Я был тогда прикомандирован
к дивизии. Рано утром, тишком, нишком,
добираюсь до передового пункта, и слышу:
кто-то за мной идет
и дышит, как больной:
оборачиваюсь – корова;
рябая, двурогая; особых примет – нет.
***
Верю народу,
во всем верю народу.
Что народ говорит, то – есть.
Брось, говорит народ,
брось,
не думай
о доле народа,
о боли народа,
пей, говорит,
пей до дна,
пей, тоска пройдет.
Я бы и рад
"топить в вине тоску-злодейку",
мутный стакан
не расплескав нести к губе,
да не идет мне, видно,
впрок
московское зелье,
страшно похмелье
тошно,
слабый я человек.
***
Снился девушке вертолетик,
снился.
Вдруг лошадка пробряцает
по асфальту мостовой,
и тлеют звезды.
Утро,
пусть сильнее грянет утро.
***
Снегурочка!
Браво-бис!
Под занавес –
раз-два-три –
трухлявая,
засветись!..
***
В подлом, бессовестном бою –
– Сдаешься? – не сдаюсь! –
– сдаешься? – не сдаюсь!
Не охнув,
со дна встаю.
А, так не сдаешься?
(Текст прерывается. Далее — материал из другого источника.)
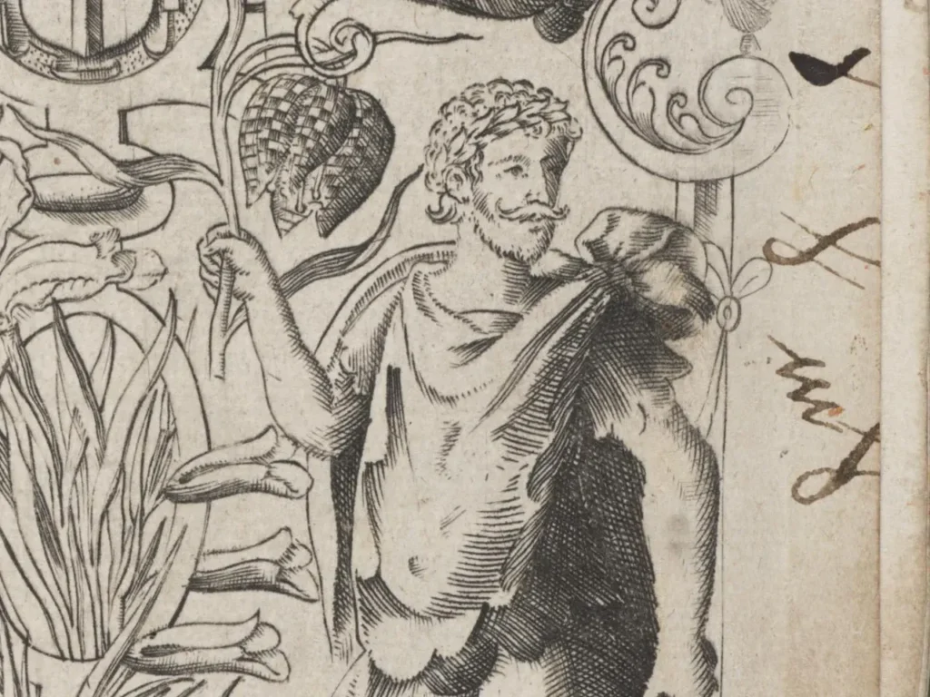 Others were quick to nip the theory in the bud and point out that the man is actually Dioscorides, a Greek doctor who lived between 40–90 AD and published a book on herbal medicine that remained the standard across Europe for the next 1,500 years. For the doubters, he’s even labeled as such in a reprint of the same book with the same frontispiece engraving, but we’ll ignore that detail for now because there are other men on the cover as well, and this is where it begins to get delightfully conspiratorial.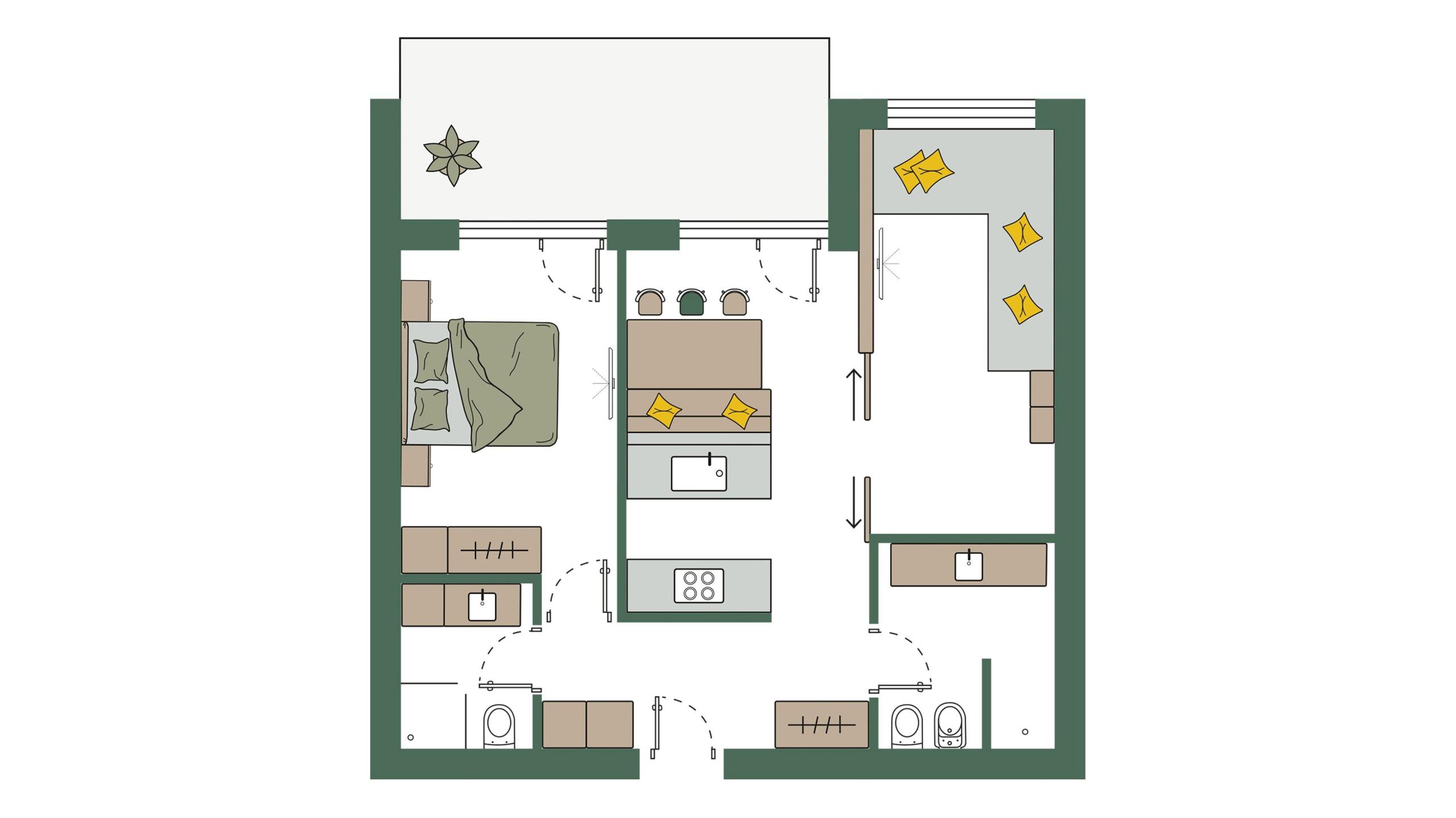 Etwas größeres Apartment für den Urlaub als Familie mit 2 oder 3 Kindern.

Так –
так? Со дна встаешь? С одра –
встаешь?
И хрясь, и два,
не в хрящ, так в грязь.
Оглохнув, со дна встаю.
– По уху его, в висок, под вздох,
под вздошинку. Ну, что, готов?
Испекся?
Со дна встаю.
Сдаешься? Не сдаюсь.
Сдаешься? Не сдаюсь.
Задохшись,
со дна встаю.
Солдат. В строю.
***
У нас был примус.
Бывало, только вспомнишь – он шумит.
Там
мама возится с кастрюлями
и в спешке крышками гремит,
и разговаривает сама с собой
о дороговизне и о себе самой.
У нас был примус.
У нас был примус, чайник, кран.
У нас был свет.
Теперь у нас ничего нет.
Вы эвакуированные.
***
Друзья мои, я отоварился!
Я выбил в кассе жир и сахар!
Я выскочил, как будто выиграл
сто тысяч.
Мне
вышибла мозги
Москва.
Теперь я знаю, как это делается:
берется человек;
разделывается под орех;
весь в кровоподтеках, весь.
Он мечется между колоннами метро
и карточными бюро.
Он меченый;
от него отворачиваются товарищи;
но он еще не вещь,
он это он.
Тогда ему суют талон
и –
я не я, я отоварился.
***
Как я им должен быть отвратителен! –
С собачьими глазами.
Медли-тельно-предупреди-тельно
прохаживающийся по казарме.
Внимательнейший: – простите, я вас – не?..
– А, к матери, слоняются тут, как во сне.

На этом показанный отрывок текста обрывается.